* Your assignment *
The result should be the lines from the one holding "recommended temperature, guide" to the final line of the records below, repeated exactly and with no pictures.

* Data entries *

^^^^^^^^

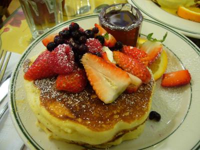 私達がオーダーしたものは、Eggs BenedictとButtermilk Batter Pancakes (3)With Fresh Seasonal Berries。
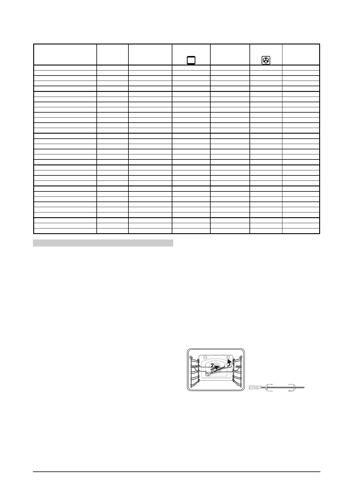 • Grilling tables indicate the recommended temperature, guide
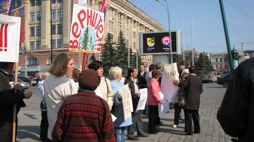 14 апреля Харьковские прогрессисты организовали пикетирование областной администрации в связи с методическим уничтожением уникального внутригородского лесного массива – Лесопарка. В последние годы городской совет, руководимый регионалами - мером – М,Добкиным и секретарем – Г.Кернес, принимает решения о выделении под коттеджную застройку лесную зону Лесопарка. За 4 года, таким образом, отдано под уничтожение более 200 гектаров дубового леса.
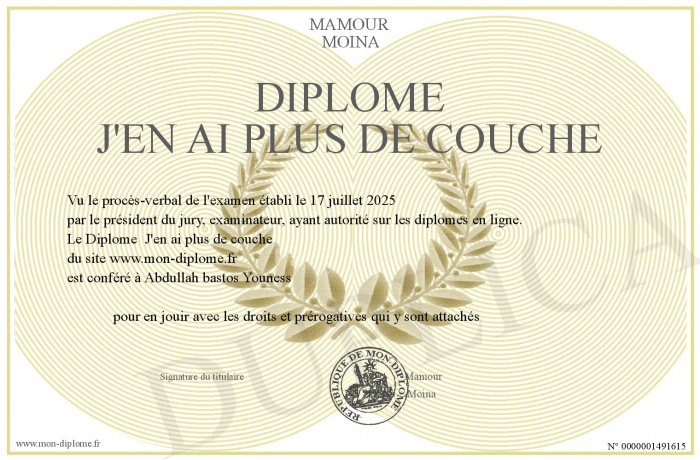 Envoyez par email votre Diplôme J'en ai plus de couche personalisé
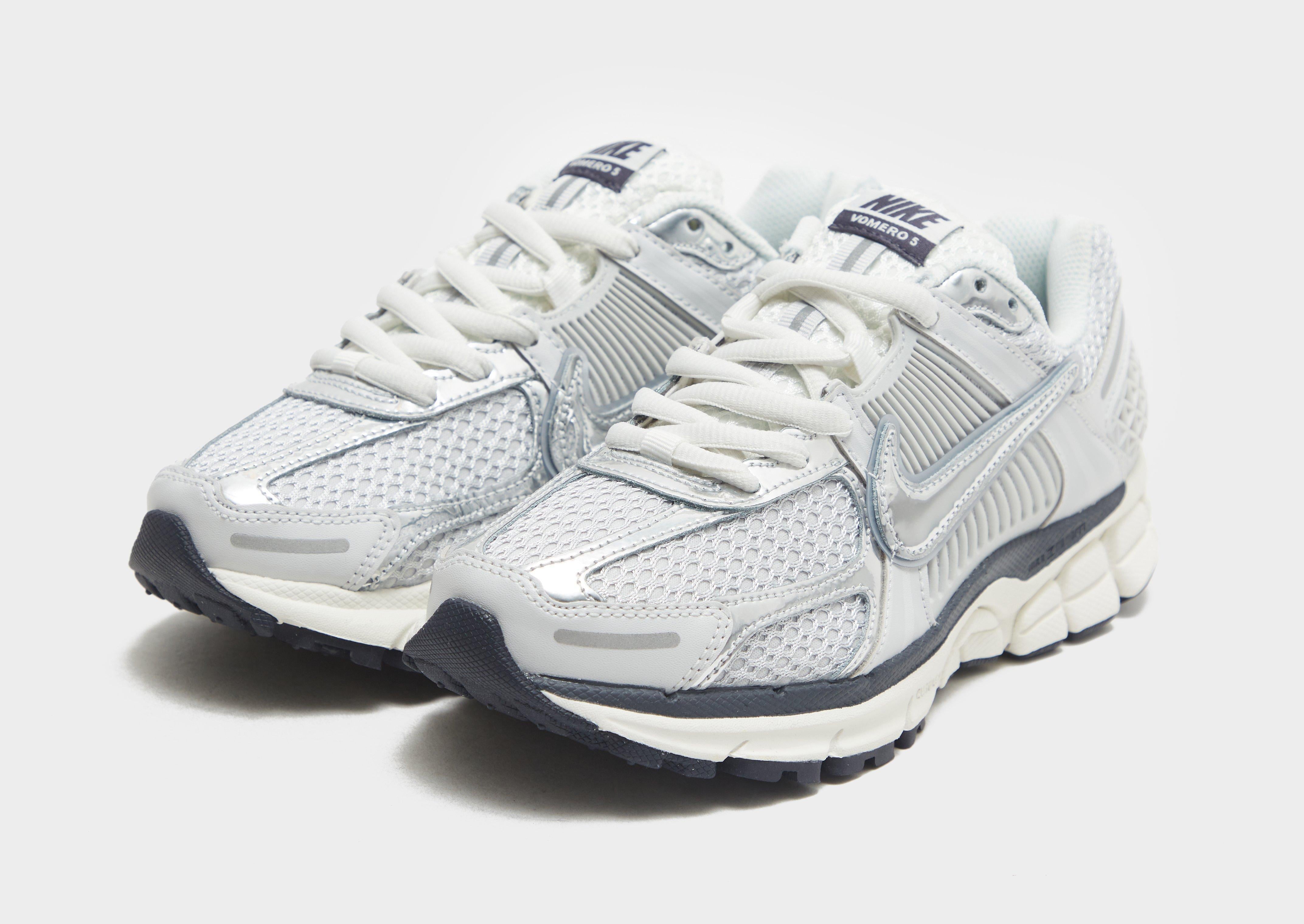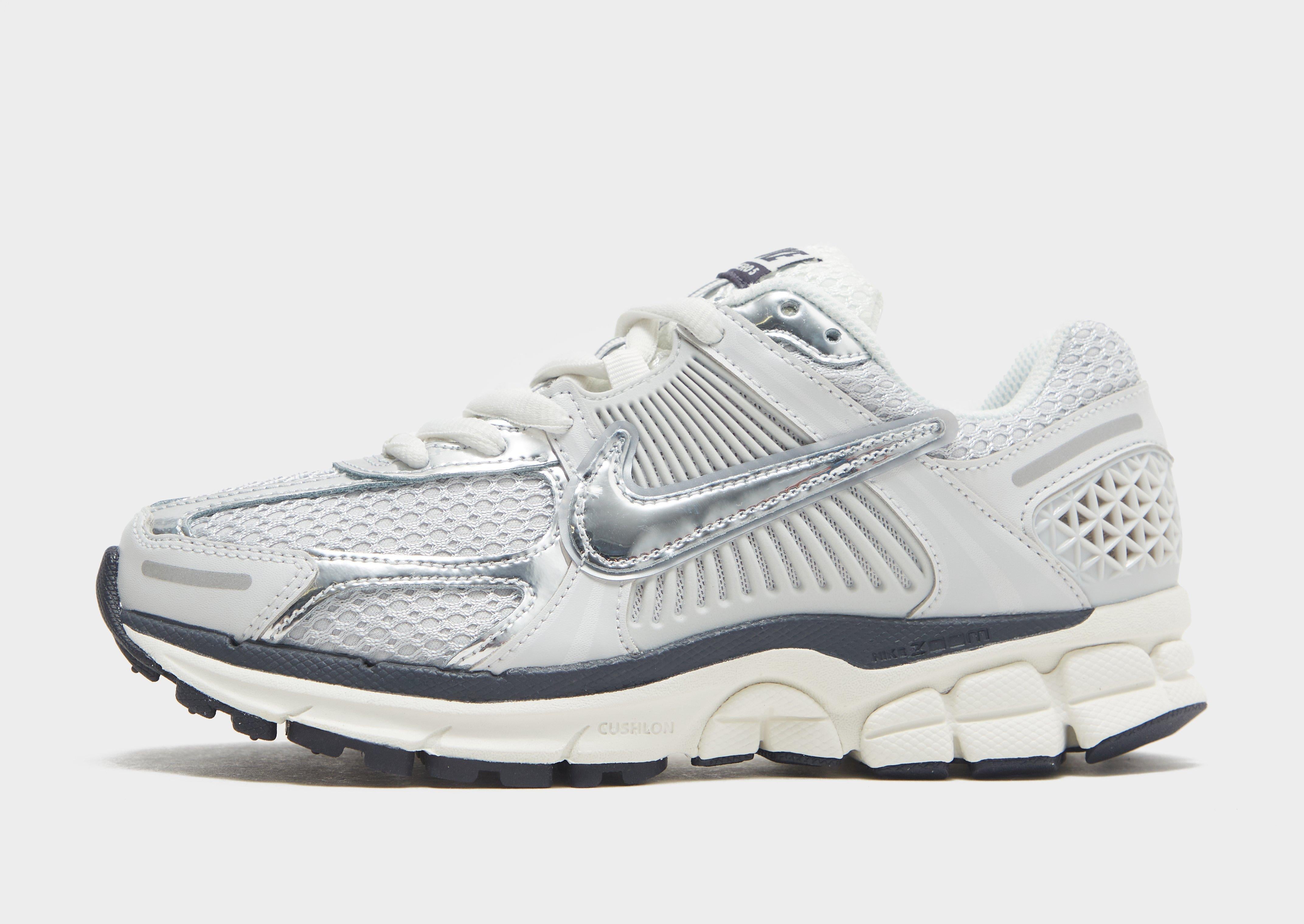 Bring the OG vibes with these women's Zoom Vomero 5 sneakers by Nike. Landing in an Photon Dust and Chrome colourway, these runners have a layered design, with breathable mesh and real and synthetic leather overlays. They feature a tonal lace-up closure with soft padding around the collar to lock you in, with a chunky responsive Zoom Air cushioned midsole for a smooth ride. They have a tough rubber outsole for traction and are signed off with classic Nike branding throughout.

^^^^^^^^

* Answer to this task *
 • Grilling tables indicate the recommended temperature, guide
 14 апреля Харьковские прогрессисты организовали пикетирование областной администрации в связи с методическим уничтожением уникального внутригородского лесного массива – Лесопарка. В последние годы городской совет, руководимый регионалами - мером – М,Добкиным и секретарем – Г.Кернес, принимает решения о выделении под коттеджную застройку лесную зону Лесопарка. За 4 года, таким образом, отдано под уничтожение более 200 гектаров дубового леса.
 Envoyez par email votre Diplôme J'en ai plus de couche personalisé
 Bring the OG vibes with these women's Zoom Vomero 5 sneakers by Nike. Landing in an Photon Dust and Chrome colourway, these runners have a layered design, with breathable mesh and real and synthetic leather overlays. They feature a tonal lace-up closure with soft padding around the collar to lock you in, with a chunky responsive Zoom Air cushioned midsole for a smooth ride. They have a tough rubber outsole for traction and are signed off with classic Nike branding throughout.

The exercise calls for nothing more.